Raw data Block Start

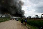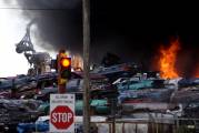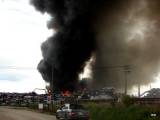 Густой черный дым застлал северо-восточный полнебосклон города. Мы в машину, держим курс по дыму. Опять горит свалка Трансконы. Полиции, пожарных не видно. Одновременно с нами подьехал автомобиль СитиТВ, паркуемся и фотографируем. Спецслужб не только не видно, но и не слышно. Вы когда-нибудь видели пожар свалки из старых автомобилей? Мы тоже наблюдаем впервые. Огонь сопровождается взрывами, видимо бензобаки разрываются. Удивила обстановка, люди спокойно подьезжали, фотографировали, комментировали, считали взрывы, типа: Good one. Не стихийное бедствие, а праздничный фейерверк. Больше всего удивило - работа экскаваторщика, достает куски из огня и отшвыривает подальше. Хоть и работает с подветренной стороны, но это же огонь, да еще с взрывами. Кому такой подвиг нужен, не знаю, как-то не похоже на Канаду. Мы уезжаем, навстречу мчится Глобал ТВ, следом СВС, СJOB/68, а Пресса Свободы так и не появилась. За прессой появилась полицейские и пожарки. Первые сразу поперекрывали все входы, выходы. Работа началась, мы спокойно уехали, оставив ситуацию под контролем.
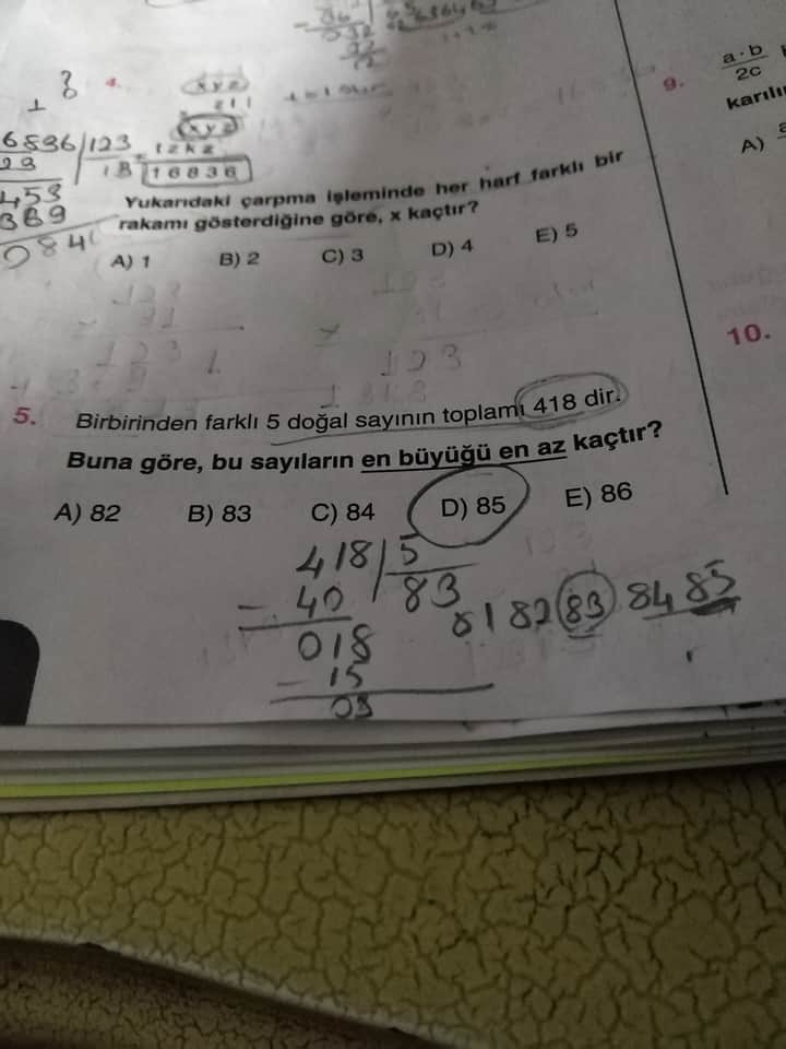 Beş doğal sayının toplamı 418 olduğuna göre:
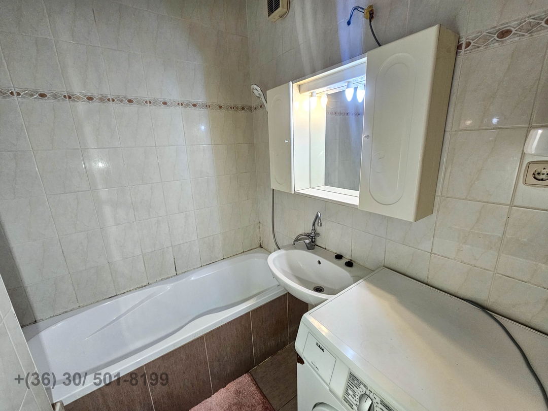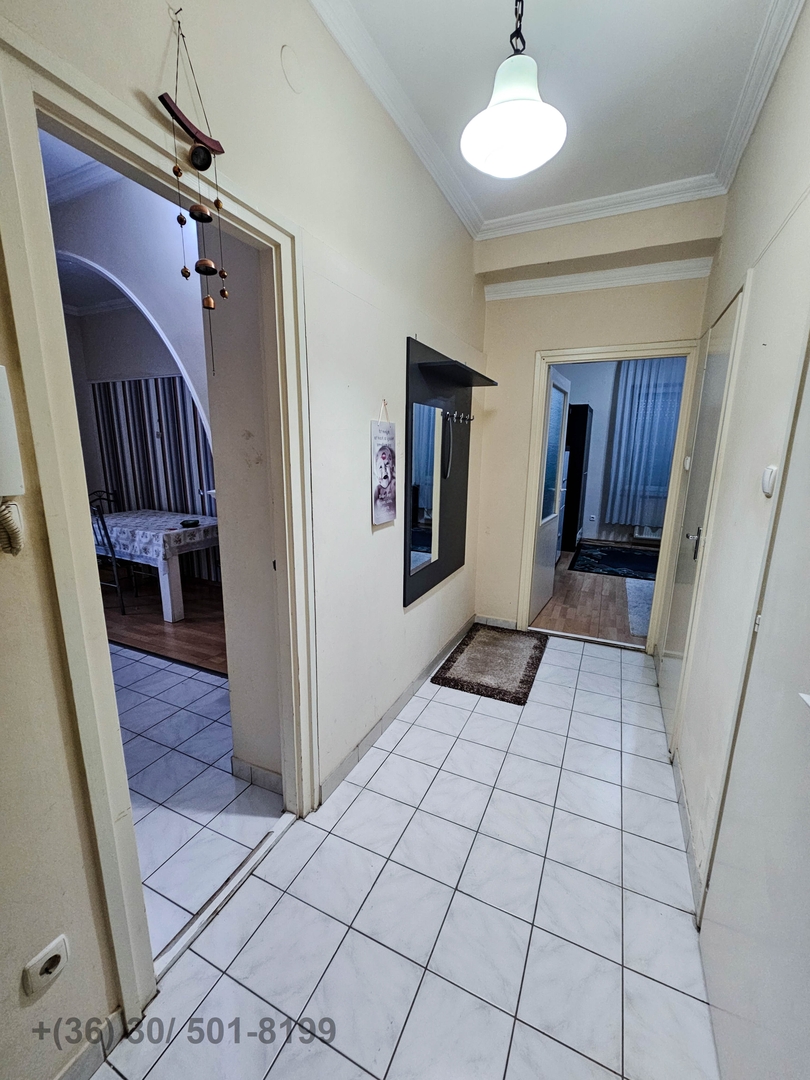 - 2 szoba, 14,5 m2-es étkező-konyha, tároló, fürdőkádas fürdőszoba, WC, közlekedő

Raw data Block End

:: Exercise instructions ::
Nothing but an exact transcription of the material, without pictures, should be returned.

:: Exercise output ::
 Густой черный дым застлал северо-восточный полнебосклон города. Мы в машину, держим курс по дыму. Опять горит свалка Трансконы. Полиции, пожарных не видно. Одновременно с нами подьехал автомобиль СитиТВ, паркуемся и фотографируем. Спецслужб не только не видно, но и не слышно. Вы когда-нибудь видели пожар свалки из старых автомобилей? Мы тоже наблюдаем впервые. Огонь сопровождается взрывами, видимо бензобаки разрываются. Удивила обстановка, люди спокойно подьезжали, фотографировали, комментировали, считали взрывы, типа: Good one. Не стихийное бедствие, а праздничный фейерверк. Больше всего удивило - работа экскаваторщика, достает куски из огня и отшвыривает подальше. Хоть и работает с подветренной стороны, но это же огонь, да еще с взрывами. Кому такой подвиг нужен, не знаю, как-то не похоже на Канаду. Мы уезжаем, навстречу мчится Глобал ТВ, следом СВС, СJOB/68, а Пресса Свободы так и не появилась. За прессой появилась полицейские и пожарки. Первые сразу поперекрывали все входы, выходы. Работа началась, мы спокойно уехали, оставив ситуацию под контролем.
 Beş doğal sayının toplamı 418 olduğuna göre:
 - 2 szoba, 14,5 m2-es étkező-konyha, tároló, fürdőkádas fürdőszoba, WC, közlekedő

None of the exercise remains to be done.